Multiplanar analysis for pulmonary nodule classification in CT images using deep convolutional neural network and generative adversarial networks.

机构信息

Graduate School of Health Sciences, Fujita Health University, 1-98 Dengakugakubo, Kutsukake cho, Toyoake City, Aichi, 470-1192, Japan.

Fujita Health University Hospital, 1-98 Dengakugakubo, Kutsukake cho, Toyoake City, Aichi, 470-1192, Japan.

出版信息

Int J Comput Assist Radiol Surg. 2020 Jan;15(1):173-178. doi: 10.1007/s11548-019-02092-z. Epub 2019 Nov 16.

Abstract

PURPOSE

Early detection and treatment of lung cancer holds great importance. However, pulmonary-nodule classification using CT images alone is difficult to realize. To address this concern, a method for pulmonary-nodule classification based on a deep convolutional neural network (DCNN) and generative adversarial networks (GAN) has previously been proposed by the authors. In that method, the said classification was performed exclusively using axial cross sections of pulmonary nodules. During actual medical-examination procedures, however, a comprehensive judgment can only be made via observation of various pulmonary-nodule cross sections. In the present study, a comprehensive analysis was performed by extending the application of the previously proposed DCNN- and GAN-based automatic classification method to multiple cross sections of pulmonary nodules.

METHODS

Using the proposed method, CT images of 60 cases with confirmed pathological diagnosis by biopsy are analyzed. Firstly, multiplanar images of the pulmonary nodule are generated. Classification training was performed for three DCNNs. A certain pretraining was initially performed using GAN-generated nodule images.
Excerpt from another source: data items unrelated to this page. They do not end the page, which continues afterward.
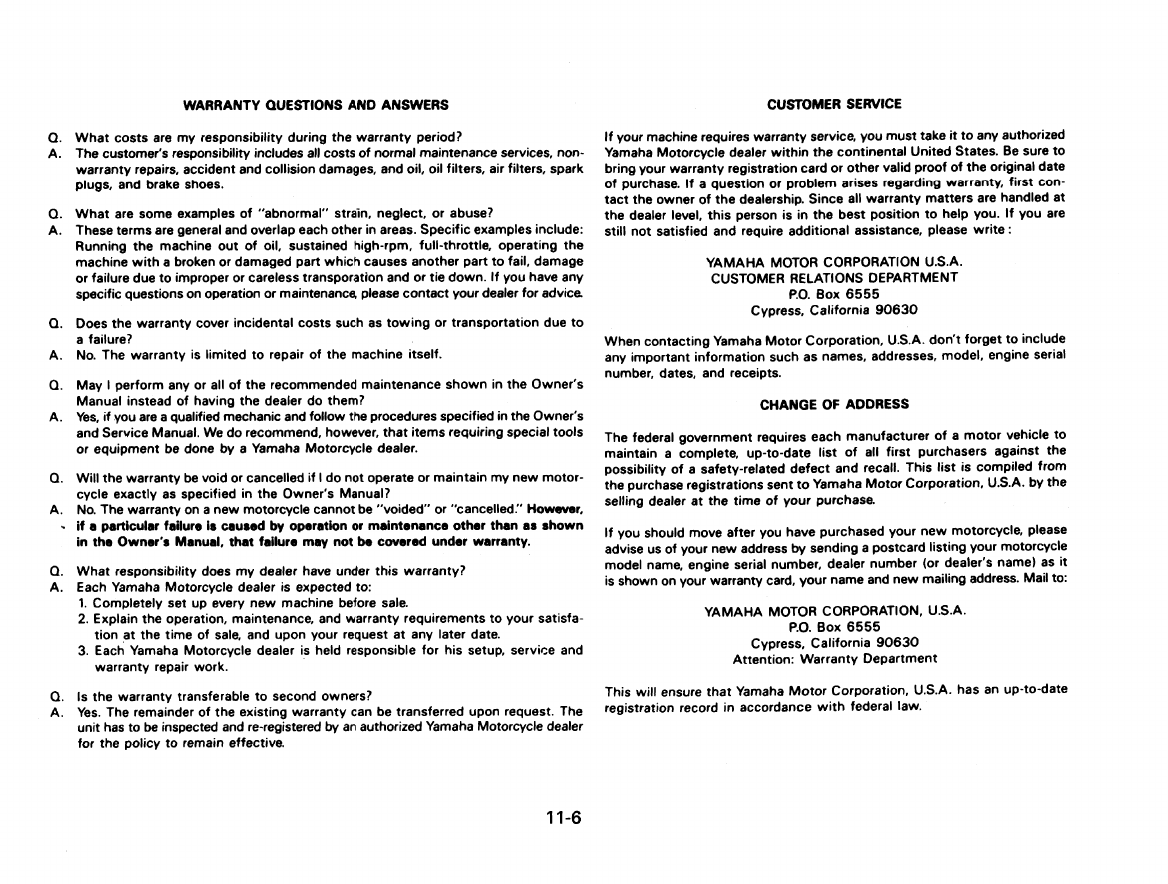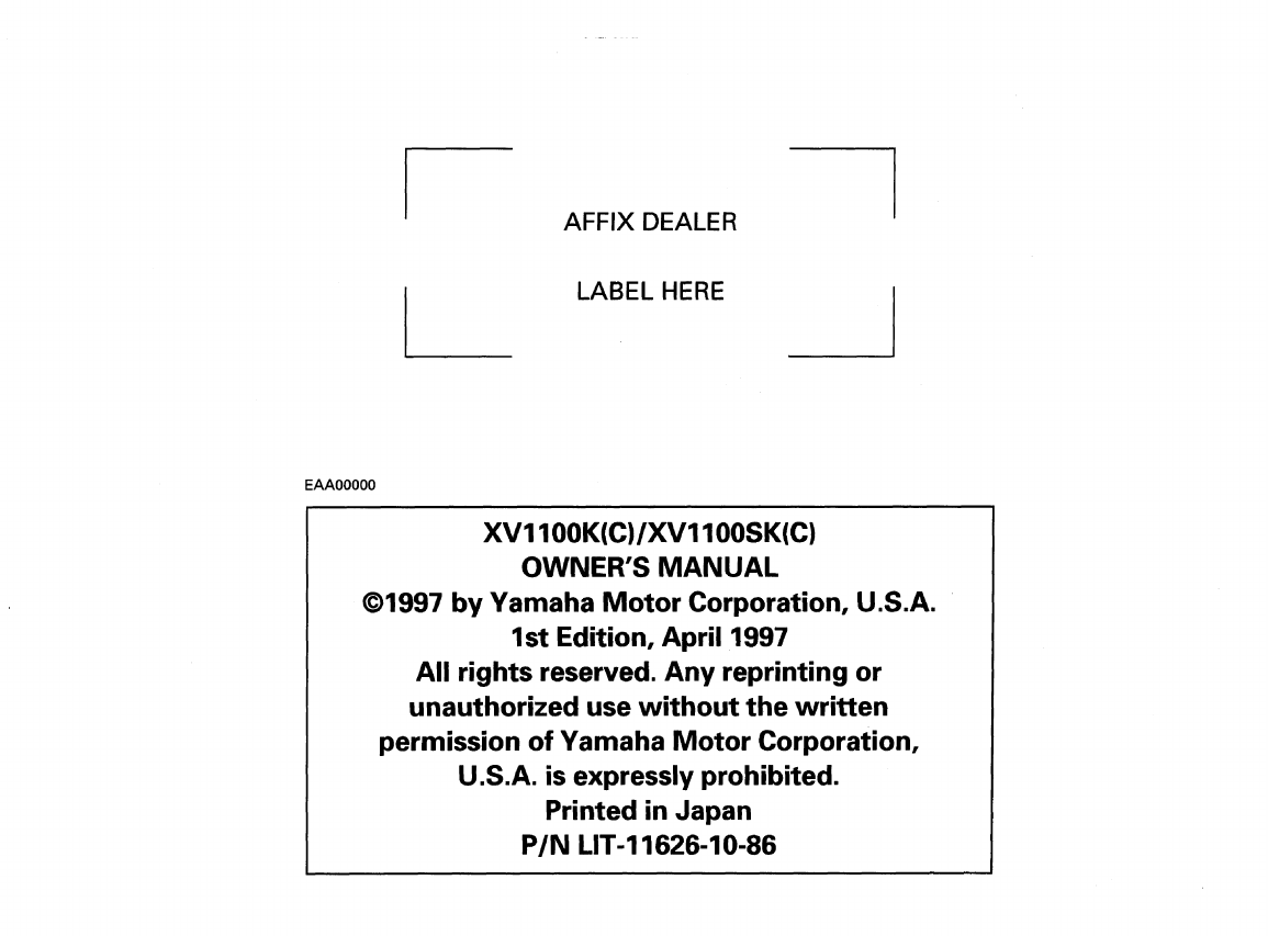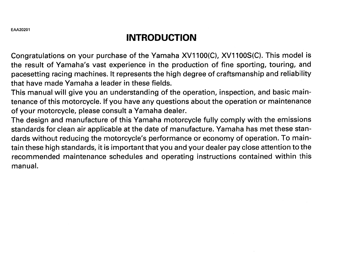 Yamaha 1998 Virago 1100 Owners Manual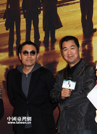 由張國(guó)立、陳寶國(guó)等兩岸明星出演的年度情感大戲《原鄉(xiāng)》6日在京舉行開播發(fā)布會(huì),圖為主演張國(guó)立與陳寶國(guó)(中國(guó)臺(tái)灣網(wǎng) 李徽 攝)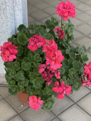野球部練習場 生徒玄関前には華やかな花「ゼラニウム」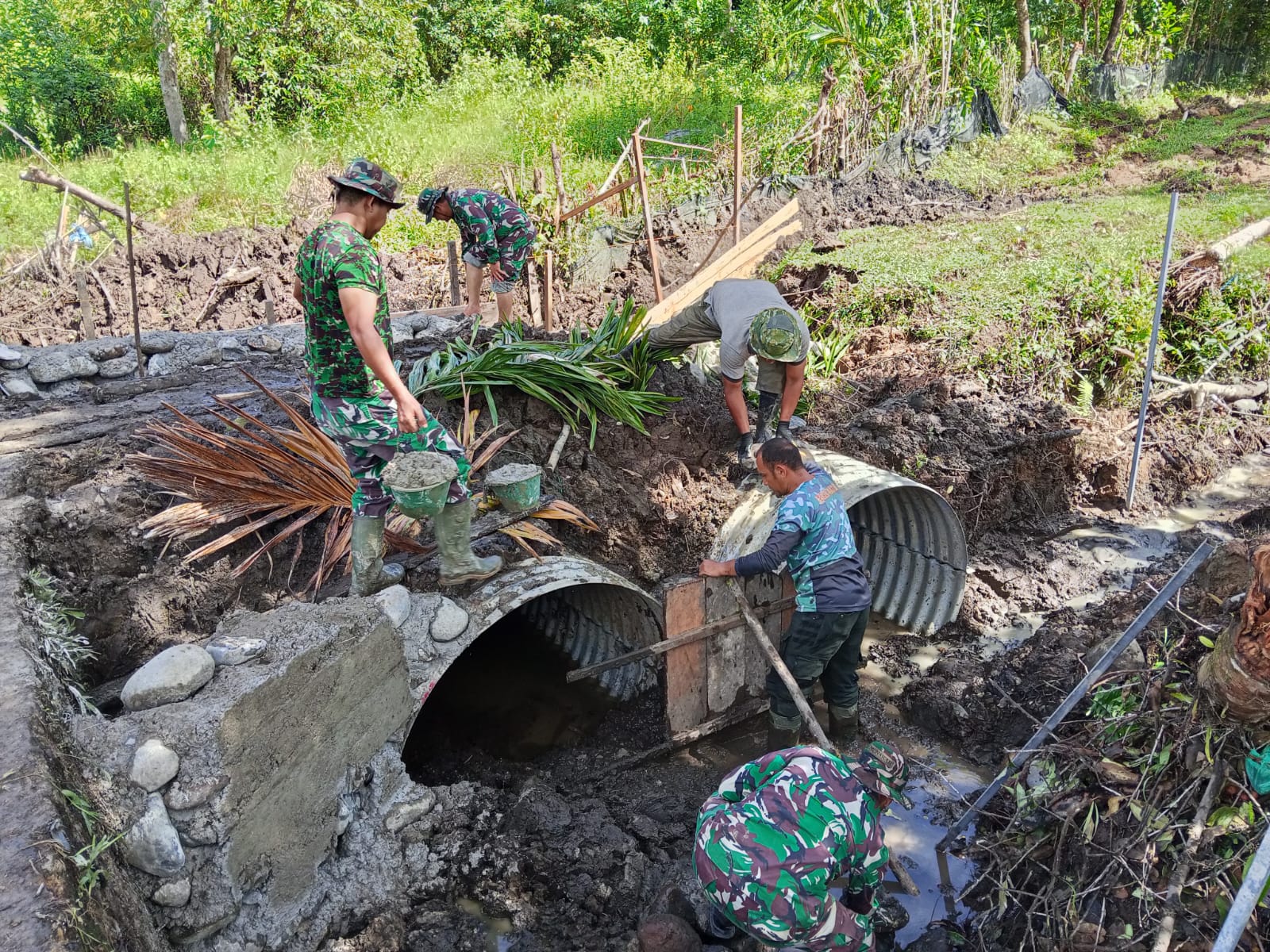 Personel Kodim 0102/Pidie Terus Kebut Pembangunan Jembatan Aramco di Geumpang

This was followed by fine-tuning of each pretrained DCNN using original nodule images provided as input.

RESULTS

As a result of the evaluation, the specificity was 77.8% and the sensitivity was 93.9%. Additionally, the specificity was observed to have improved by 11.1% without any reduction in the sensitivity, compared to our previous report.

CONCLUSION

This study reports development of a comprehensive analysis method to classify pulmonary nodules at multiple sections using GAN and DCNN. The effectiveness of the proposed discrimination method based on use of multiplanar images has been demonstrated to be improved compared to that realized in a previous study reported by the authors. In addition, the possibility of enhancing classification accuracy via application of GAN-generated images, instead of data augmentation, for pretraining even for medical datasets that contain relatively few images has also been demonstrated.

摘要

目的

早期发现和治疗肺癌至关重要。然而,仅使用 CT 图像对肺结节进行分类是困难的。为了解决这个问题,作者之前提出了一种基于深度卷积神经网络(DCNN)和生成对抗网络(GAN)的肺结节分类方法。在该方法中,仅使用肺结节的轴向横截面进行分类。然而,在实际的体检过程中,只能通过观察各种肺结节的横截面来进行全面的判断。在本研究中,通过将之前提出的基于 DCNN 和 GAN 的自动分类方法的应用扩展到肺结节的多个横截面上,进行了全面的分析。

方法

使用所提出的方法,对 60 例经活检证实的病理诊断的 CT 图像进行分析。首先,生成肺结节的多平面图像。对三个 DCNN 进行分类训练。首先使用 GAN 生成的结节图像进行初步预训练,然后使用提供的原始结节图像对每个预训练的 DCNN 进行微调。

结果

评估结果显示,特异性为 77.8%,敏感性为 93.9%。与作者之前的报告相比,特异性提高了 11.1%,而敏感性没有降低。

结论

本研究报告了一种使用 GAN 和 DCNN 对多个截面的肺结节进行分类的综合分析方法。与作者之前报告的研究相比,使用多平面图像的基于判别方法的有效性已被证明有所提高。此外,通过使用 GAN 生成的图像而不是数据增强进行预训练,即使对于包含相对较少图像的医学数据集,也有可能提高分类准确性。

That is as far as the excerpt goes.